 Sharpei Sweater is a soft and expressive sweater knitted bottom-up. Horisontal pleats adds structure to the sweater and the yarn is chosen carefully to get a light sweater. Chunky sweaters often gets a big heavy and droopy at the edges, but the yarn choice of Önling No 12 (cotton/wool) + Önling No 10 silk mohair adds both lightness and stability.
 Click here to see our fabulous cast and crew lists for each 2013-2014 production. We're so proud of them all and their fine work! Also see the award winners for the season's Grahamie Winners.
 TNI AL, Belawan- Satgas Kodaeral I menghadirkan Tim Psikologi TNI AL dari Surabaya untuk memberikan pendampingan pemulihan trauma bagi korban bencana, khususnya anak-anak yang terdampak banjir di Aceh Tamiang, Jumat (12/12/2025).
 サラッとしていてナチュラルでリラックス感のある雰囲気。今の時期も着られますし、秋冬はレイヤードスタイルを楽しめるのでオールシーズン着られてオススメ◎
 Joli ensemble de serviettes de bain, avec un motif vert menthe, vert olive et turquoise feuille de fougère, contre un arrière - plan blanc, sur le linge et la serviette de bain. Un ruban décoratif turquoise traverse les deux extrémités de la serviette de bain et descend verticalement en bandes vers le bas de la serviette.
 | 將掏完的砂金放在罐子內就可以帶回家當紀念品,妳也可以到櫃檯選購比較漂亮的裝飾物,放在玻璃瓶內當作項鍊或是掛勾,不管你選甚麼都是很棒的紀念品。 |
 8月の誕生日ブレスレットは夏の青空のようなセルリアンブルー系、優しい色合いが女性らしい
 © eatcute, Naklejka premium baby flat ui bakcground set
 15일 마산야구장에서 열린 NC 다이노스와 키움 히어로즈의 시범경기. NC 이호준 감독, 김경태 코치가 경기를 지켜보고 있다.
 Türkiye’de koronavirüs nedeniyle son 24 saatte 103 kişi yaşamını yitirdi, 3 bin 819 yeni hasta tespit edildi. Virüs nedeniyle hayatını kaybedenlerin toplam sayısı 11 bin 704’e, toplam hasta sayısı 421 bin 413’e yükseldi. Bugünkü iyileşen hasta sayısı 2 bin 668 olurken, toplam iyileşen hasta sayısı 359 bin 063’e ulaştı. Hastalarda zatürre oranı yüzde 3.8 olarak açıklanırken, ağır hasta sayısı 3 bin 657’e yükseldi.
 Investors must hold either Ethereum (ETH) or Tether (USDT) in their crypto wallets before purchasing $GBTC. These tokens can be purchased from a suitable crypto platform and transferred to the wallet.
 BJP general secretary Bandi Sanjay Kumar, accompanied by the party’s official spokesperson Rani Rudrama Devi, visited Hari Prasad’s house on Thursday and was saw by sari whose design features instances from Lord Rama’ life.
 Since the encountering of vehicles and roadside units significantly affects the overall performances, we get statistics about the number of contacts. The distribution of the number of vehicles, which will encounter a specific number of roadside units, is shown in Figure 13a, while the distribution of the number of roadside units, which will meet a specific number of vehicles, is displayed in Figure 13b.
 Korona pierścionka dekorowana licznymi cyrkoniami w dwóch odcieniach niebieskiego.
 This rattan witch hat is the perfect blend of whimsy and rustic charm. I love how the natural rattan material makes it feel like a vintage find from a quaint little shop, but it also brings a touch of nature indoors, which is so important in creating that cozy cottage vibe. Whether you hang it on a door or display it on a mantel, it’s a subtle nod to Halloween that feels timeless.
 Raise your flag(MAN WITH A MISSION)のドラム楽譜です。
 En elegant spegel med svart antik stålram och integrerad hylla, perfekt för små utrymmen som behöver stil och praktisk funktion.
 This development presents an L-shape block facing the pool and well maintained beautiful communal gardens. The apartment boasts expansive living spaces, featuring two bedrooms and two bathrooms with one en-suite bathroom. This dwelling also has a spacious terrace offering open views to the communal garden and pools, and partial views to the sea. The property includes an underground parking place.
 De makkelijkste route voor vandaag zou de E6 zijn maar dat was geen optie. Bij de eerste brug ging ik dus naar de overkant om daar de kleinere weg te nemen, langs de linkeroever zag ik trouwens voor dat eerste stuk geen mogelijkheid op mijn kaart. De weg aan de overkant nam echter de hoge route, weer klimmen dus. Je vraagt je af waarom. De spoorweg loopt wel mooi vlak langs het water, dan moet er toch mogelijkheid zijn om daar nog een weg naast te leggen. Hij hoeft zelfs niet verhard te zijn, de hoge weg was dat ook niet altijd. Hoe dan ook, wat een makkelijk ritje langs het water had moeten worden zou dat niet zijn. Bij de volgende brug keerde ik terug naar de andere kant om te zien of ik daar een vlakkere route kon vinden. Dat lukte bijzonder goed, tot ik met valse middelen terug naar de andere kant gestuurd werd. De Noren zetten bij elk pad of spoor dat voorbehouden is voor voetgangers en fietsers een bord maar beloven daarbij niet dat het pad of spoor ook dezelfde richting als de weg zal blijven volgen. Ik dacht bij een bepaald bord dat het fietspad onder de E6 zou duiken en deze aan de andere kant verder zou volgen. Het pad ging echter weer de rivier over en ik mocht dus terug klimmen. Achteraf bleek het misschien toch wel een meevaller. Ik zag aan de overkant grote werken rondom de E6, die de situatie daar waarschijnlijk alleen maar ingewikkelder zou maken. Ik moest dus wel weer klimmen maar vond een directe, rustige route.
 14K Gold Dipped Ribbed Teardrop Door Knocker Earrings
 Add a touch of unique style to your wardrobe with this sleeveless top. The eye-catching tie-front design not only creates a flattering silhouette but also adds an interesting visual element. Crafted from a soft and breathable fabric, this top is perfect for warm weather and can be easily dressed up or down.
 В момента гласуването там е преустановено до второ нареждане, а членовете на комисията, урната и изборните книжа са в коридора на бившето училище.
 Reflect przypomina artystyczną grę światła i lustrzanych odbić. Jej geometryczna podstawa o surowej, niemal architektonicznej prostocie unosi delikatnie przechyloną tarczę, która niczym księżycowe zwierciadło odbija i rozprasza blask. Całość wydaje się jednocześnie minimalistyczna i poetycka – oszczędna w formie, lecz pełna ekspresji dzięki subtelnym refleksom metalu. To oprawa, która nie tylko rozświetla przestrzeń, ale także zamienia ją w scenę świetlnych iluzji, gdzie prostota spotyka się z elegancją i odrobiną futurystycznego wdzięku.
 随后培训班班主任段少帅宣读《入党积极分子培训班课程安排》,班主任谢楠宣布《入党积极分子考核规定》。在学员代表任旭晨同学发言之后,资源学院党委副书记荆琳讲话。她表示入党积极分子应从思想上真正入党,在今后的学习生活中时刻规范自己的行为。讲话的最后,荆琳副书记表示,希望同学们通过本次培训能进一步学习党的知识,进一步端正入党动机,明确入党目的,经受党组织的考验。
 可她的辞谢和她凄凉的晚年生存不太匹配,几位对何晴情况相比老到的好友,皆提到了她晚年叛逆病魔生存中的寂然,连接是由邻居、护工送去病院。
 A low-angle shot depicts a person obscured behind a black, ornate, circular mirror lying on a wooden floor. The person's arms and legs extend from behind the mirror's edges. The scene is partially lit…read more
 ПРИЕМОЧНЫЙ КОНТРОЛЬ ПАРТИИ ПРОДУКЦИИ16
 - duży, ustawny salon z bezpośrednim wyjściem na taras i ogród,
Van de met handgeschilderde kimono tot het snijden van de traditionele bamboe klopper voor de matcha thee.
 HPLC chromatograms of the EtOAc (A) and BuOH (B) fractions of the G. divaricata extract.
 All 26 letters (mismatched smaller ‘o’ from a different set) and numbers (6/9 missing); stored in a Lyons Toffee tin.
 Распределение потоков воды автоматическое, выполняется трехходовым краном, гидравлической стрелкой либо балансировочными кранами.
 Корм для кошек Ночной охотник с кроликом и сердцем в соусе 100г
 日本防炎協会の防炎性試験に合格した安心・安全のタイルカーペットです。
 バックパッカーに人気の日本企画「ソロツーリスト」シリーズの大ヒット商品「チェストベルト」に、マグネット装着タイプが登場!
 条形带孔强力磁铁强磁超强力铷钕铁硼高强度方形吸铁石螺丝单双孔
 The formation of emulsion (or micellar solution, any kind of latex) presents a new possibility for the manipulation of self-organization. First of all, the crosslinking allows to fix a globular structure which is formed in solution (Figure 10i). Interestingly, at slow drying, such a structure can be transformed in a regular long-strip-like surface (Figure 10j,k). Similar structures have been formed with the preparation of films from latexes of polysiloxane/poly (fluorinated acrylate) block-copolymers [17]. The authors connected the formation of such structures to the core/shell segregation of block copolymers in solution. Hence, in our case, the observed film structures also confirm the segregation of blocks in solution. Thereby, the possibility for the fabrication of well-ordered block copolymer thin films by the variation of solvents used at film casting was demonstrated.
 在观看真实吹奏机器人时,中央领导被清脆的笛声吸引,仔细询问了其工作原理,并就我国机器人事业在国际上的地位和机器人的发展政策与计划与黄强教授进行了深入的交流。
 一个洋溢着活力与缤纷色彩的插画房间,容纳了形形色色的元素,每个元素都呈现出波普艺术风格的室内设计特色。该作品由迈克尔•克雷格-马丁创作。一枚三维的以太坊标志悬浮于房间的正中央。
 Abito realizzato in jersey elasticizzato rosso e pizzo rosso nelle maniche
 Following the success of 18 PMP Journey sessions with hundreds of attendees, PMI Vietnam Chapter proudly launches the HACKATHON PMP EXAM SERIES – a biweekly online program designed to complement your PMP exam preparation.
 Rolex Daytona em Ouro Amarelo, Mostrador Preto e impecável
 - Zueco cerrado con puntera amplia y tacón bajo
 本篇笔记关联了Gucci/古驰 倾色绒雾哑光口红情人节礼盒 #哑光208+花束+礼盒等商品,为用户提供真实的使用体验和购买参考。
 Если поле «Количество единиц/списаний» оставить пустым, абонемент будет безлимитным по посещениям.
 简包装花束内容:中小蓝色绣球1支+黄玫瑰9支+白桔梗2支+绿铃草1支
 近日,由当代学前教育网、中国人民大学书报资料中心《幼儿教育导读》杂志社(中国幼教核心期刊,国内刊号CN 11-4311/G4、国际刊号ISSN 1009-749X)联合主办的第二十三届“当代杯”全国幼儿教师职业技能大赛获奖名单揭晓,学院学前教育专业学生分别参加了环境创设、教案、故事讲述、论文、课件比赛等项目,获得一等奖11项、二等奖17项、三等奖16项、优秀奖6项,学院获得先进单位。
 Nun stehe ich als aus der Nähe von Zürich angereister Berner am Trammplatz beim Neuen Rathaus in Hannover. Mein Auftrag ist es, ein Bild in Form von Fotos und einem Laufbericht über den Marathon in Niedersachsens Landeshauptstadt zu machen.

******************************

Task description — Look back at the entries above. Retype the line with "The formation of emulsion", the line with "一个洋溢着活力与缤纷色彩的插", and all lines in between.

Written answer —
 The formation of emulsion (or micellar solution, any kind of latex) presents a new possibility for the manipulation of self-organization. First of all, the crosslinking allows to fix a globular structure which is formed in solution (Figure 10i). Interestingly, at slow drying, such a structure can be transformed in a regular long-strip-like surface (Figure 10j,k). Similar structures have been formed with the preparation of films from latexes of polysiloxane/poly (fluorinated acrylate) block-copolymers [17]. The authors connected the formation of such structures to the core/shell segregation of block copolymers in solution. Hence, in our case, the observed film structures also confirm the segregation of blocks in solution. Thereby, the possibility for the fabrication of well-ordered block copolymer thin films by the variation of solvents used at film casting was demonstrated.
 在观看真实吹奏机器人时,中央领导被清脆的笛声吸引,仔细询问了其工作原理,并就我国机器人事业在国际上的地位和机器人的发展政策与计划与黄强教授进行了深入的交流。
 一个洋溢着活力与缤纷色彩的插画房间,容纳了形形色色的元素,每个元素都呈现出波普艺术风格的室内设计特色。该作品由迈克尔•克雷格-马丁创作。一枚三维的以太坊标志悬浮于房间的正中央。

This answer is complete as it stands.